苛立ちが最高潮に達したアイラは、頭に血が上っている人間とは思えないほど冷静に、周囲の状況を捉えていた。
体格差だけを見れば、アイラの方が不利なのは火を見るよりも明らかだ。
加えて三人からの攻撃を、十分に避けられるだけの余裕はない。
結果、アイラは男達から飛んでくる拳や蹴りをひたすらさばいていた。
さばきながら、相手の力量を計る。
(……数に頼っているだけか。大したことはないな)
そう結論付けたアイラは、一転して攻勢をかけた。
正面の、狐のような顔の男が振るった拳をひょいと避け、下から顎を殴り付ける。
その一撃で気絶したのだろう、男が仰向けに倒れる。
次いで、怒号と共に迫ってきた鼻血まみれの男の顔に、身体を回すようにして裏拳を打ち込んだ。
向き直って見れば、鼻血男は口からも血を流している。地面に白いものも落ちていた。どうやら、歯が何本か折れたらしい。
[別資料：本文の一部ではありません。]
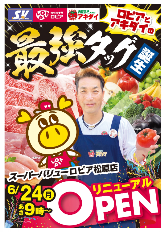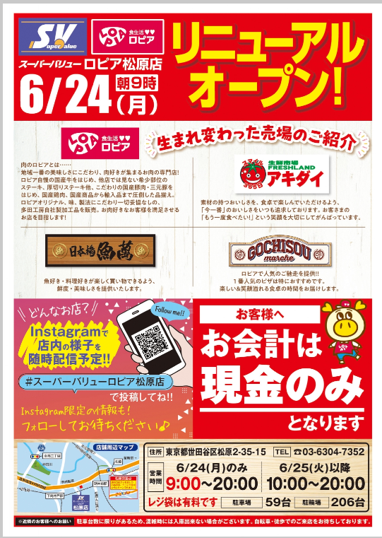 流通スーパーニュース > 店舗 > スーパーバリューnews|松原店を「スーパーバリューロピア」に6/24刷新 スーパーバリューnews|松原店を「スーパーバリューロピア」に6/24刷新 店舗 / 2024年06月17日 ツイート (株)スーパーバリュー(埼玉県上尾市、内田貴之社長)は6月24日(月)、世田谷区にあるスーパーバリュー店舗を「スーパーバリューロピア松原店」に改装してオープンする。 食品売場はロピアに加え、OICグループの傘下のアキダイが青果を担当する。 ■スーパーバリューロピア松原店 所在地/東京都世田谷区松原2-35-15MAP 営業時間/10:00~20:00 駐車場/59台 支払い方法/現金のみ ツイート

両側から、腕を掴まれる。アイラの矮躯が一瞬伸び上がり。それから沈み込んだように見えたときには、二人の男は互いの頭を嫌というほどぶつけ、地面に伸びていた。
詰めていた息を吐き出し、ふん、と鼻を鳴らしてその場を去るアイラ。
そんな彼女を、人混みの中から見つめる人影があった。
口々に騒ぐ野次馬に気を取られた様子もなく、その男は苦虫を噛み潰したような顔で踵を返した。